### TASK PROMPT
Without changing a character, return the entries, but not the images they hold.

Segment Start: DATA RECORDS

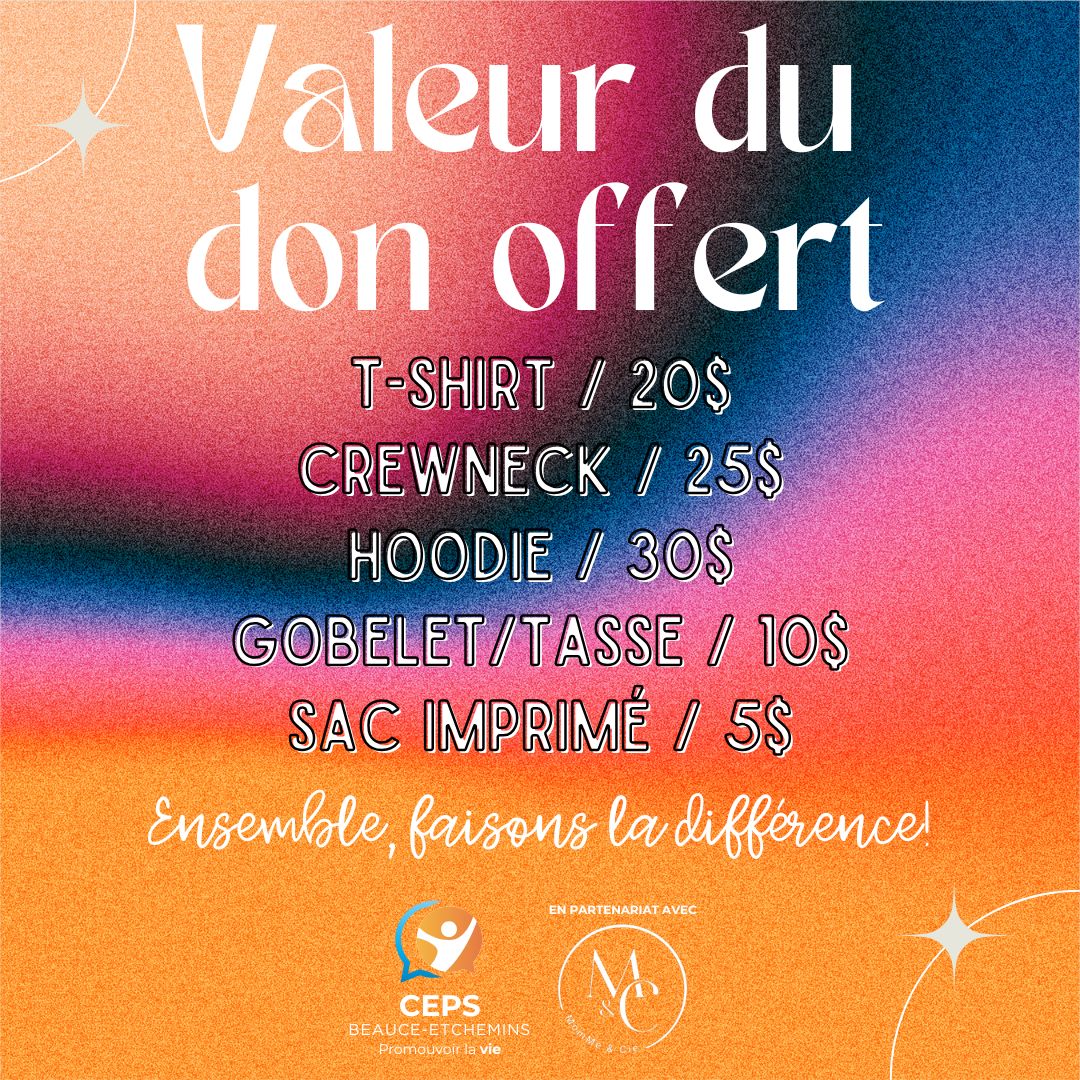 Nous sommes fiers d’annoncer notre partenariat avec le Centre d’Écoute et de Prévention du Suicide Beauce-Etchemins (CEPS). Dans le cadre de cette collaboration, une mini-collection exclusive a été créée pour soutenir leur mission essentielle: offrir un soutien et des ressources pour prévenir le suicide dans notre communauté. Une partie des profits de chaque vente sera reversée à la Fondation Un Geste pour la Vie, permettant de contribuer à cette cause vitale. Ensemble, créons un impact positif et faisons une différence, un geste à la fois.
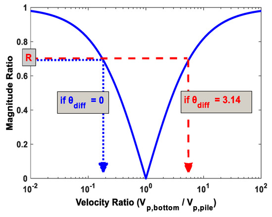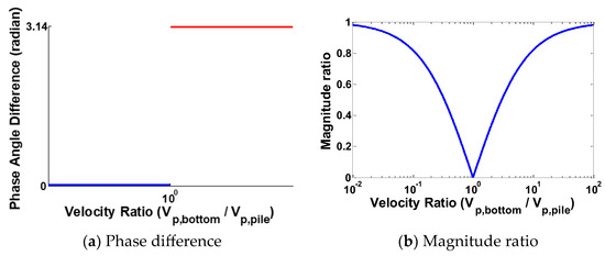 where Er and Ei are the energies (or magnitudes) of the reflected and incident waves, respectively. Vp,pile and Vp,bottom represent the phase velocities of the P-wave in the pile and the material under the pile bottom, respectively. R varies with the P-wave velocity ratio (Vp,bottom/Vp,pile) between the two materials, as shown in Figure 3b. In this figure, each magnitude ratio (Er/Ei) corresponds to two different velocity ratios at the same time. One is for the stiffer boundary range, and the other is for the softer boundary range. This means that it is impossible to determine the boundary condition under the pile from only the magnitude ratio.
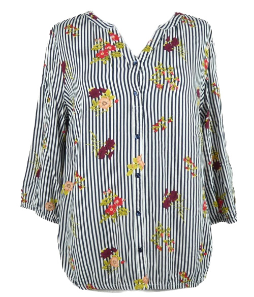 Dámska bielo-tmavomodrá pruhovaná blúzka s kvetmi Laura Torelli
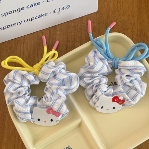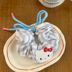 韩系KT猫咪蝴蝶结大肠圈发绳清爽蓝条纹大号发圈头绳丸子头皮筋
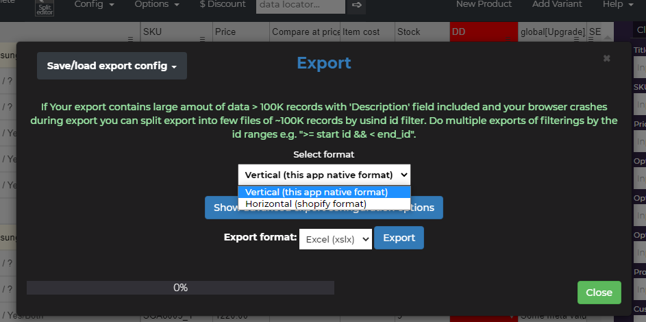 We have an option of selecting a format of data which can be like the default view of an app called “Vertical” or it can be like Shopify default import/export format called “Horizontal”.
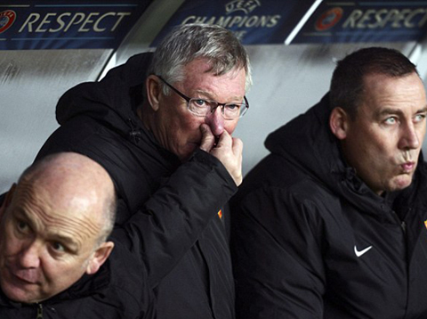 Sir Alex Ferguson cùng các trợ lý trong trận đấu gặp Braga đêm qua.
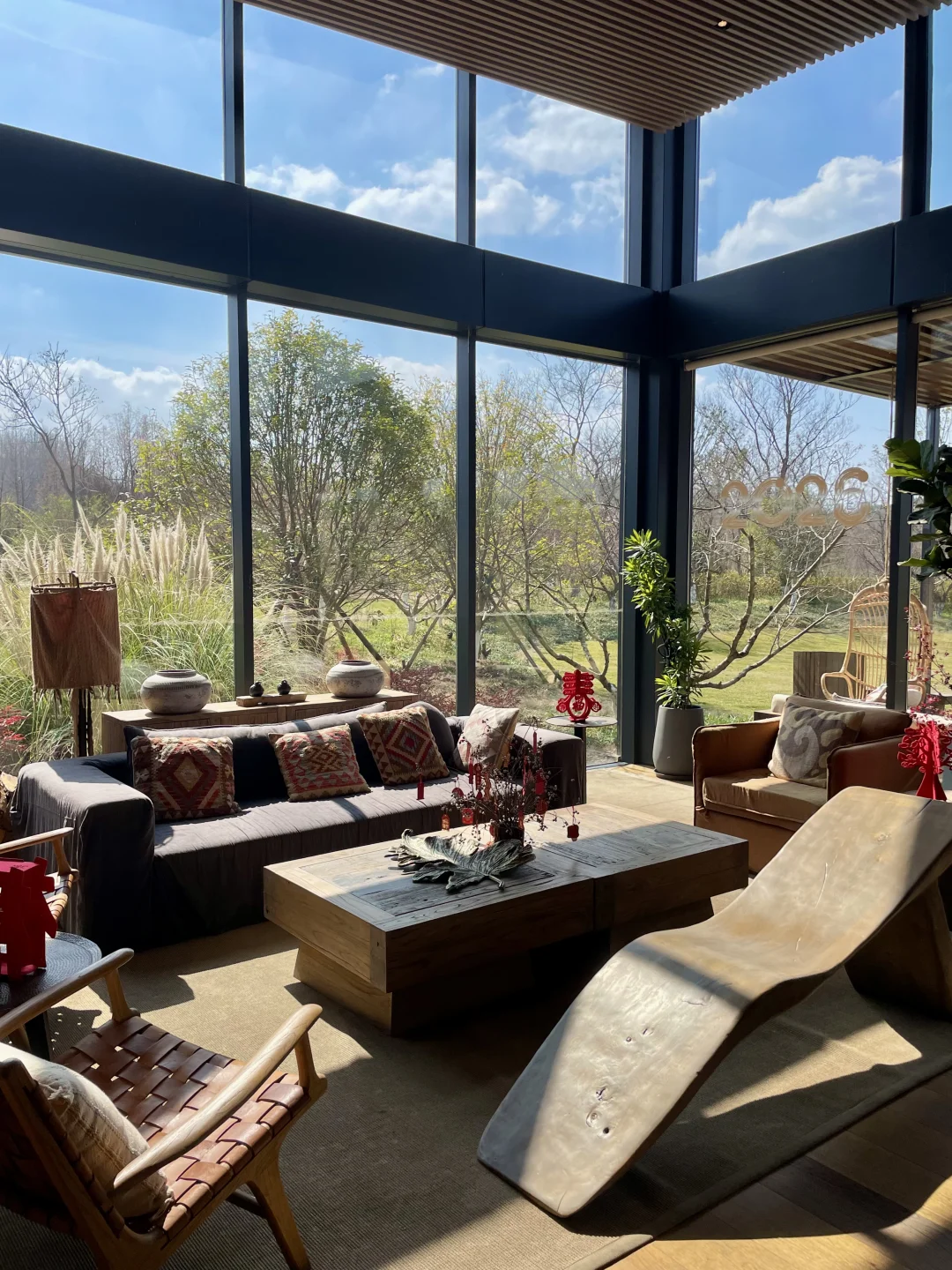 原木风装修+落地窗,推开门就是自然清新

Segment End: DATA RECORDS

### ANSWER BOX
 Nous sommes fiers d’annoncer notre partenariat avec le Centre d’Écoute et de Prévention du Suicide Beauce-Etchemins (CEPS). Dans le cadre de cette collaboration, une mini-collection exclusive a été créée pour soutenir leur mission essentielle: offrir un soutien et des ressources pour prévenir le suicide dans notre communauté. Une partie des profits de chaque vente sera reversée à la Fondation Un Geste pour la Vie, permettant de contribuer à cette cause vitale. Ensemble, créons un impact positif et faisons une différence, un geste à la fois.
 where Er and Ei are the energies (or magnitudes) of the reflected and incident waves, respectively. Vp,pile and Vp,bottom represent the phase velocities of the P-wave in the pile and the material under the pile bottom, respectively. R varies with the P-wave velocity ratio (Vp,bottom/Vp,pile) between the two materials, as shown in Figure 3b. In this figure, each magnitude ratio (Er/Ei) corresponds to two different velocity ratios at the same time. One is for the stiffer boundary range, and the other is for the softer boundary range. This means that it is impossible to determine the boundary condition under the pile from only the magnitude ratio.
 Dámska bielo-tmavomodrá pruhovaná blúzka s kvetmi Laura Torelli
 韩系KT猫咪蝴蝶结大肠圈发绳清爽蓝条纹大号发圈头绳丸子头皮筋
 We have an option of selecting a format of data which can be like the default view of an app called “Vertical” or it can be like Shopify default import/export format called “Horizontal”.
 Sir Alex Ferguson cùng các trợ lý trong trận đấu gặp Braga đêm qua.
 原木风装修+落地窗,推开门就是自然清新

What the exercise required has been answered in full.